Thursday, 3 September 2015

N Queen Problem : Placing N (natural number) Queens in a NXN chess board such that each queen is safe from the rest of the queens. | Java , Back tracking


Dear Friends,

I am here with you with another problem based upon back tracking. Its the Famous N Queen Problem.

Suppose we have a NXN matrix and we have N Queens. A Queen has a nature of attacking. If She is positioned at any cell then she can attack in all the four directions [Up,Bottom,Left,Right] and also can attack diagonally [Up-Left,Up-Right,Bottom-Left,Bottom-Right]

Friends if we have N Queens then we have solution for all the Natural numbers as values of N except 2 and 3.

Below is my solution to this problem. Code is in Java and its based upon Recursion and Back Tracking.
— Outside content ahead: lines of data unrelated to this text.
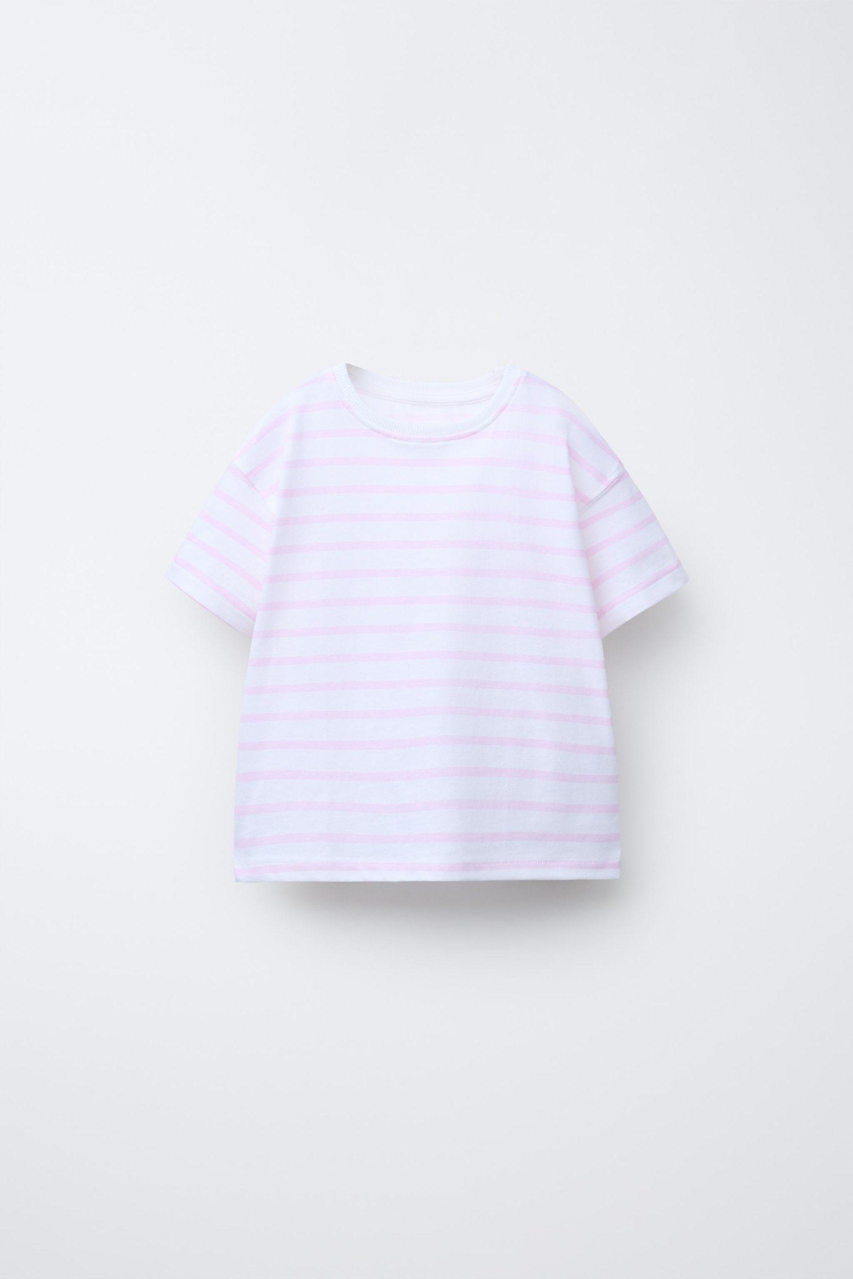 بسته سهتایی تیشرت یقه گرد و کوتاهدامن. شامل طرحهای راهراه و ساده. از پارچه ۱۰۰% پنبهای ساخته شده است.
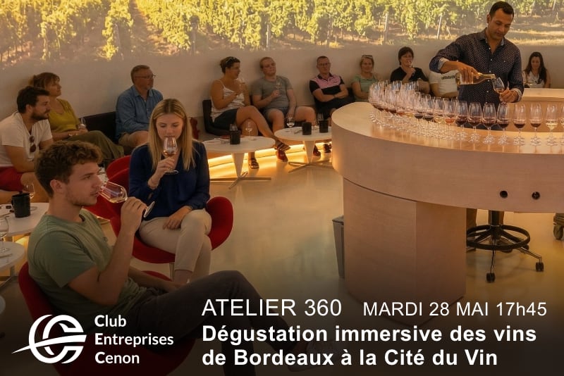 Le Club des Entreprises de Cenon vous invite à vivre l'Atelier 360 à la Cité du Vin : une dégustation de 4 vins de Bordeaux guidée par un sommelier, dans un espace immersif à 360° qui vous transporte à travers les paysages emblématiques de la région.
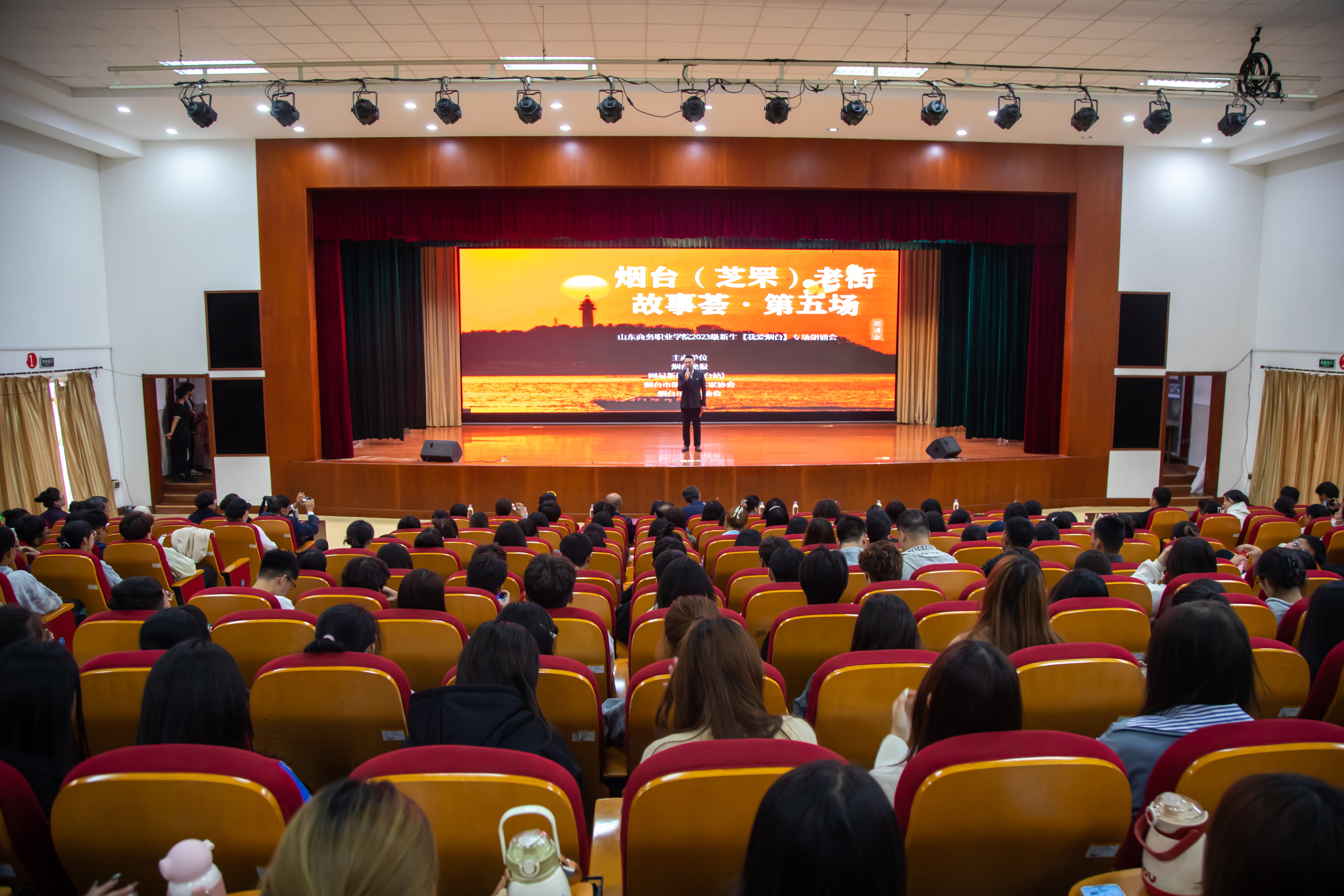 本站讯 10月17日下午,烟台(芝罘)老街故事荟第五场暨山东商务职业学院新生【我爱烟台】专场朗诵会在音乐厅隆重举行。活动由烟台晚报、网易新闻(烟台站)、烟台市朗诵艺术家协会、烟台市作家协会主办,我校图书馆、学生工作处(团委)联合承办,校党委书记孙云茂,副校长陶传蔚出席,学校部分教职工、老干部和23级新生参加。

package com.study.backtracking;
/**
 * 
 * @author Krishna.k
 * 
 * Problem :N queen problem  :  Placing N queens on NXN chess board.
 * 
 * Solution exists for each natural number except for N = 2 and N = 3.
 * 
 * Solution is based on Back Tracking.
 *
 */
public class NQueenSolution {
    public static void main(String[] args) {
        int N = 5; // number of queens and the size of the board
        int[][] board = new int[N][N];
        NQueenSolution solution = new NQueenSolution();
        boolean isSolved = solution.solveNQueen(board, N, 0);
        
        if(isSolved){
            System.out.println("Solution exists");
            for(int i = 0 ; i < N ; i++){
                for(int j = 0; j < N ; j++){
                    System.out.print(board[i][j]+"  ");
                }
                System.out.println();
            }
        }
        else{
            System.out.println("Solution does not exists");
        }
    }
    

    public boolean solveNQueen(int[][] board, int N, int col) {
        if(col == N){
            return true; // all the queens have been placed successfully
        }
        for(int row = 0; row < N; row++){
            if(isSafeFromLeft(board, row, col) && isSafeFromBottomLeft(board, N, row, col) &&  isSafeFromTopLeft(board, row, col)){
                board[row][col] = 1;// this is a safe row and we proceed with next columns
                if(solveNQueen(board, N, col+1)){
                    return true; // returning true during back track with true as return type.
                }else{
                    board[row][col] = 0; // reseting the cell during back track with false as return type.
                }
            }
        }
        return false;
    }

    public boolean isSafeFromTopLeft(int[][] board, int row, int col) {
        int traverseRow = row - 1;
        int traverseCol = col - 1;
        while (traverseRow >= 0 && traverseCol >= 0) {
            if (board[traverseRow][traverseCol] == 1) {
                return false;
            }
            traverseRow = traverseRow - 1;
            traverseCol = traverseCol - 1;
        }
        return true;
    }

    public boolean isSafeFromLeft(int[][] board, int row, int col) {
        int traverseCol = col - 1;
        while (traverseCol >= 0) {
            if (board[row][traverseCol] == 1) {
                return false;
            }
            traverseCol = traverseCol - 1;
        }
        return true;
    }

    public boolean isSafeFromBottomLeft(int[][] board, int N, int row, int col) {
        int traverseRow = row + 1;
        int traverseCol = col - 1;
        while (traverseRow < N && traverseCol >= 0) {
            if (board[traverseRow][traverseCol] == 1) {
                return false;
            }
            traverseRow = traverseRow + 1;
            traverseCol = traverseCol - 1;
        }
        return true;
    }
}